Start of EXCERPTED RECORDS
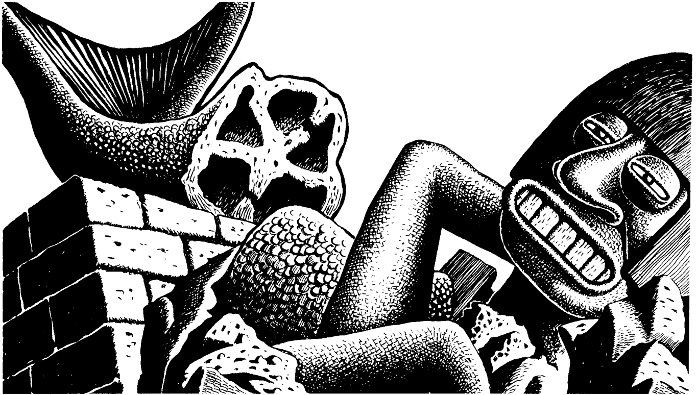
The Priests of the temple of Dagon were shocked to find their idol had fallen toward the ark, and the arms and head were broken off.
End of EXCERPTED RECORDS
Start of EXCERPTED RECORDS
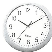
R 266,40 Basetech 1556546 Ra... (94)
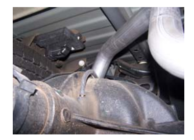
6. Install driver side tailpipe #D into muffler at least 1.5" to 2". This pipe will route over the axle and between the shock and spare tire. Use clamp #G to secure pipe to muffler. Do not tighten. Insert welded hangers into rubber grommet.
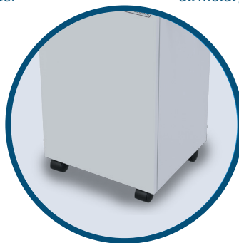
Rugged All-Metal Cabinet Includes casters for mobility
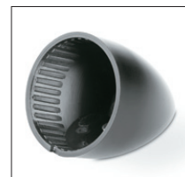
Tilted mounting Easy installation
End of EXCERPTED RECORDS
Start of EXCERPTED RECORDS
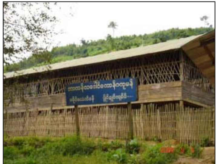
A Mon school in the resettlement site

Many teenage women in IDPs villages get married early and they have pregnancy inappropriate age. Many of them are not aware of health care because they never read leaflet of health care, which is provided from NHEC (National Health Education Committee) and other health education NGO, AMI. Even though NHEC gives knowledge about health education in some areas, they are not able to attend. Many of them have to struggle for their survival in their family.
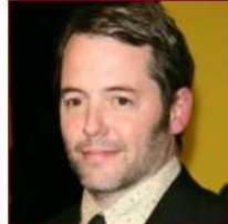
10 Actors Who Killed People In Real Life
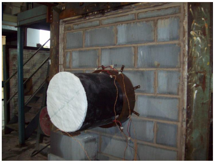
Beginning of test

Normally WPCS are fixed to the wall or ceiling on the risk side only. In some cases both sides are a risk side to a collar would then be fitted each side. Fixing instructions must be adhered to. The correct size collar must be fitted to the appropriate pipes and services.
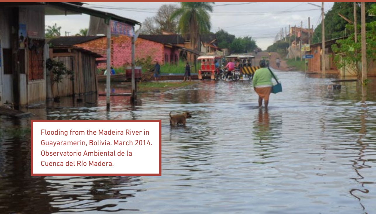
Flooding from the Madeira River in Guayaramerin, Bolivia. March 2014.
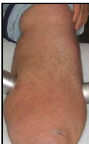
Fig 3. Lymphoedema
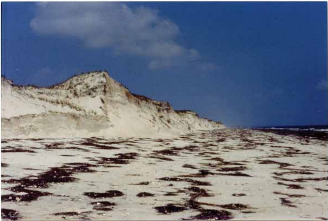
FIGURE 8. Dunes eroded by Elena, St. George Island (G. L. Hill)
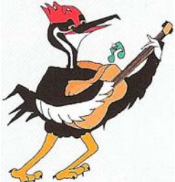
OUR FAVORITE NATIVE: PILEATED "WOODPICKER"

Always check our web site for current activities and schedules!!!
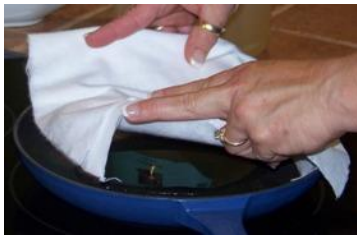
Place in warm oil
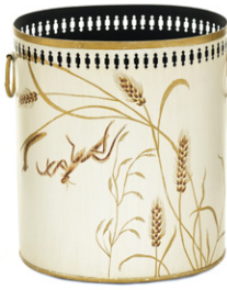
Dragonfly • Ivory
End of EXCERPTED RECORDS
**TASK TO CARRY OUT:** Which lines above include the word "some"? Pick them out and copy them.

**RESULT OF THIS EXERCISE:**
Many teenage women in IDPs villages get married early and they have pregnancy inappropriate age. Many of them are not aware of health care because they never read leaflet of health care, which is provided from NHEC (National Health Education Committee) and other health education NGO, AMI. Even though NHEC gives knowledge about health education in some areas, they are not able to attend. Many of them have to struggle for their survival in their family.
Normally WPCS are fixed to the wall or ceiling on the risk side only. In some cases both sides are a risk side to a collar would then be fitted each side. Fixing instructions must be adhered to. The correct size collar must be fitted to the appropriate pipes and services.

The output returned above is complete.